Of 407 medical records diagnosed as DCM, 85.5% were classified as definite and 13.3% as miscoded, while 1.23% were classified as uncertain (Table 2). The accuracy rates of the DCM diagnosis at Sahlgrenska University Hospital/Östra, Kungälv Hospital, and Lidköping Hospital were 84.8%, 86.4%, and 87.8%, respectively. The 184 HCM and OHCM cases were analysed together, and in 87.5%, the diagnosis was classified as definite, in 8.69% as miscoded, and in 3.8% as uncertain (Table 2). The accuracy rates of the HCM and OHCM diagnoses at Sahlgrenska University Hospital/Östra, Kungälv Hospital, and Lidköping Hospital were 88.2%, 86.4%, and 84.6%, respectively. As other cardiomyopathies only comprised 20 cases (3.3%), they were analysed together. All of these cases were classified as definite (100%).
Table 2.
Accuracy of the specific cardiomyopathy diagnoses identified from the hospital registries by year
| Validity of diagnosis | 1989–90 | 1994–96 | 1997–99 | 2004 | 2009 | Total | |
|---|---|---|---|---|---|---|---|
| n = 20 | n = 56 | n = 76 | n = 105 | n = 150 | n = 407 | ||
| DCM | Definite | 17 (85.0) | 47 (83.9) | 60 (78.9) | 92 (87.6) | 132 (88.0) | 348 (85.5) |
| Miscoded | 3 (15.0) | 8 (14.3) | 15 (19.7) | 12 (11.4) | 16 (10.7) | 54 (13.3) | |
| Uncertain | 0 | 1 (1.78) | 1 (1.32) | 1 (0.95) | 2 (1.33) | 5 (1.23) | |
| n = 2 | n = 8 | n = 34 | n = 32 | n = 108 | n = 184 | ||
| HCM and OHCM | Definite | 2 (100) | 6 (75.0) | 29 (85.3) | 28 (88.5) | 96 (88.9) | 161 (87.5) |
| Miscoded | 0 | 1 (12.5) | 3 (8.82) | 2 (6.25) | 10 (9.26) | 16 (8.69) | |
| Uncertain | 0 | 1 (12.5) | 2 (5.88) | 2 (6.25) | 2 (1.85) | 7 (3.80) |
All values are presented as n (%). Owing to few cases, all cases from 1990 were included in 1989; all cases from 1996 were included in 1994; and all cases from 1997 were included in 1999. Records older than 1997 from Kungälv Hospital and 1999 from Lidköping Hospital were not identified. A diagnosis was defined as definite if the ESC diagnostic criteria from 20088 were fulfilled. Besides, in cases with present coronary artery disease and DCM with underlying causes such as tachycardia, alcohol and drug abuse, and myocarditis, or where coronary angiography revealed minimal signs of coronary artery disease not sufficient to cause a global reduction of systolic cardiac function and, finally, in cases with present hypertension but well treated and insufficient to cause global impact on the cardiac function, the diagnosis was defined as definite. If the ESC diagnostic criteria from 2008 were not fulfilled, the diagnosis was defined as miscoded. The diagnosis was defined as uncertain in cases with insufficient documentation.

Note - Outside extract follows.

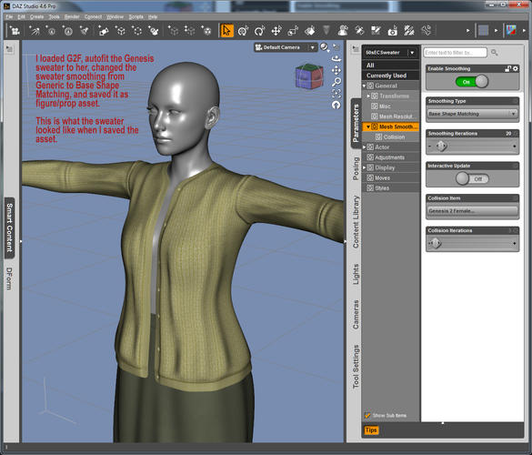 I'm having a terrible time with autofit of Genesis clothes to Genesis 2 Female. The clothes look great right after they are autofit. But once I save the scene and reopen it or save the garment as a figure/prop asset and reload it, the smoothing does not look like it looked when I saved it. Even worse, I cannot change the smoothing settings of the autofitted garment to get back to what I originally had. Changing the smoothing settings does almost nothing.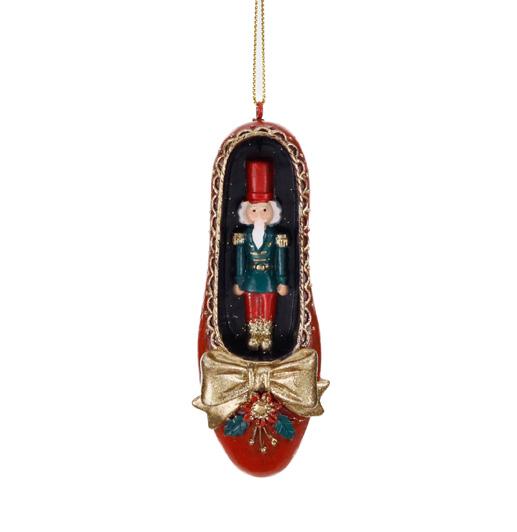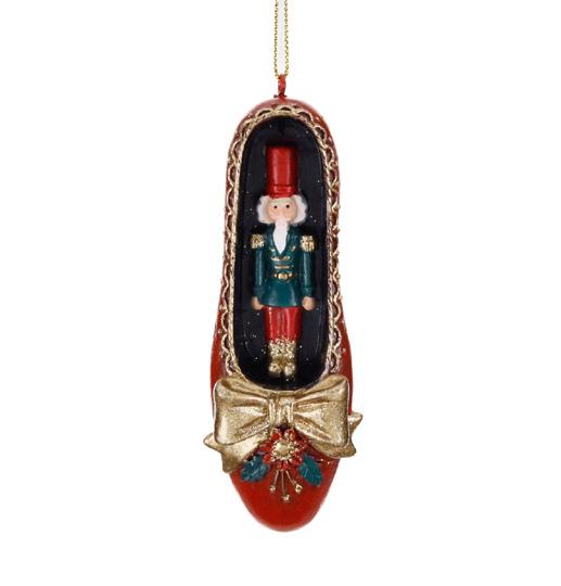 NUTCRACKER IN BALLET SLIPPER ORN RD/GLD 11CM MC 38397

DCM, dilated cardiomyopathy; ESC, European Society of Cardiology; HCM, hypertrophic cardiomyopathy; OHCM, obstructive hypertrophic cardiomyopathy.
In cases of DCM that were miscoded, underlying coronary artery disease was present in 44/54 (81.5%), with only very few cases of primary valvular disease (5/54, 9.26%) or hypertension (3/54, 5.56%). The most common reason for miscoded HCM and OHCM diagnoses was hypertension (12/16, 75.0%).
A complete echocardiography report was found in 77.3% in 1989–90, thereafter varying between 91.2% and 98.2% (Table 3). Of 22 cases of possible cardiomyopathy in 1989 and 1990, a complete echocardiography report was missing in four cases, and one case lacked information on whether echocardiography had been performed. In two cases from 1994–96 and 1997–99, the echocardiography report was incomplete. In 2004, no echocardiography report was found in one case, or the echocardiography report was incomplete (n = 11), as was the situation in 12 cases in 2009. The use of coronary angiography increased from 68.2% in 1989–90 to 84.9% in 2009 (Figure 1).
Table 3.
Use of ultrasonic cardiography and coronary angiography by year in absolute numbers (percentages) in the whole population
| 1989–90 | 1994–96 | 1997–99 | 2004 | 2009 | Total | |
|---|---|---|---|---|---|---|
| UCG | n = 22 | n = 64 | n = 110 | n = 137 | n = 278 | n = 611 |
| Yes | 17 (77.3) | 62 (96.9) | 108 (98.2) | 125 (91.2) | 266 (95.7) | 578 (94.6) |
| No | 1 (4.55) | 0 | 0 | 1 (0.72) | 0 | 2 (0.33) |
| Incomplete reports | 4 (18.2) | 2 (3.12) | 2 (1.81) | 11 (8.03) | 12 (4.31) | 31 (5.07) |
| Coronary angiography | n = 22 | n = 64 | n = 110 | n = 137 | n = 278 | n = 611 |
| Yes | 5 (22.7) | 14 (21.9) | 35 (31.9) | 51 (37.2) | 88 (31.7) | 193 (31.6) |
| No | 7 (31.8) | 30 (46.9) | 27 (24.5) | 25 (18.2) | 42 (15.1) | 131 (21.4) |
| Incomplete reports | 10 (45.5) | 20 (31.2) | 48 (43.6) | 61 (44.5) | 148 (53.2) | 287 (46.9) |
Owing to few cases, all cases from 1990 were included in 1989; all cases from 1996 were included in 1994; and all cases from 1997 were included in 1999. Records older than 1997 from Kungälv Hospital and 1999 from Lidköping Hospital were not identified.
UCG, ultrasonic cardiography.
Figure 1.
Complete echocardiography report and use of coronary angiography by year in the whole population studied.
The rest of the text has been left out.